Los que llegaron al Kursaal todavía con la comida en el estómago fueron recompensados y tuvieron la suerte de gozar de Moondance y de un Gloria de despedida. Los de la tarde no tuvieron ni Moondance ni Gloria, pero vieron sorprendidos cómo Morrison regresaba al escenario y ofrecía un poco habitual bis, nada menos que Brown eyed girl. La leyenda dice que Van Morrison nunca hace dos conciertos iguales, y así fue en San Sebastián.

Van Morrison, con traje oscuro, sin corbata y con un veraniego sombrero blanco de ala ancha calado hasta las gafas, apareció ya de entrada, y como para marcar diferencias, saxo en mano. En un concierto preñado de un danzante rhythm and blues con incursiones al blues más ortodoxo y toques de calipso, boogie y doo wop, Morrison sopló mucho en su saxo alto; sólo lo dejó en el armazón para rascar ocasionalmente la guitarra o tocar la armónica en un tema. El resto del tiempo fue alternando su voz cavernosa y penetrante, cada vez más cavernosa y penetrante y cada vez más convincente, bella, con solos de saxo que sin ser nada del otro mundo encajaban a la perfección en la sonoridad apabullante de su banda.

Aparecieron temas clásicos como The way young lovers do o Domino, pero hábilmente camuflados bajo una nueva vestimenta rítmica mucho mas swingante. El ritmo fue el secreto del concierto. Ritmo a manos llenas para dejar a todo el mundo contento, y muy contento.

Por la noche, la Trini estaba otra vez abarrotada.

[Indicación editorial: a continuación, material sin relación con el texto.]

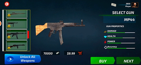 6、要是对这把枪不太满意,点击“next”就能换一把,这把看起来更厉害一些。

Unas 3.500 personas se apretujaban en el pequeño espacio urbano para oír primero a Bebo Valdés y después a Gilberto Gil. Valdés es muy querido en esta ciudad y se notó ya de entrada el cariño que el público le profesaba. El octogenario pianista recompensó el cariño con ese toque sobrio, elegante y minimalista al que le ha llevado la edad sobre un puñado de estándares de la música cubana de todos los tiempos mezclados con algunas de sus debilidades (a la postre, las de muchos aficionados al jazz) como Bill Evans o George Gershwin. De El Manisero a Lágrimas negras, el concierto discurrió sin sobresaltos. Tal vez demasiado plano, pero eso era lo que el público esperaba.

Para sobresaltos ya se bastó el señor ministro de Cultura brasileño, que llenó la plaza de la Trinidad de una música expansiva e infecciosa. Gilberto Gil invocó tanto a los Beatles como a Bob Marley o Caetano Veloso, recuperó lagunas de sus más sonadas composiciones (Soy loco por ti América, Guerra santa o Dräo) y recurrió a todos los temas de su último disco, Electroacústico, que ya es como un grandes éxitos con el sosiego y la paz interior que sólo dan los años de profesión. Gil redondeó una actuación caliente, brillante y contagiosa, cargada de buenas vibraciones.

Van Morrison, en su actuación en el Kursaal.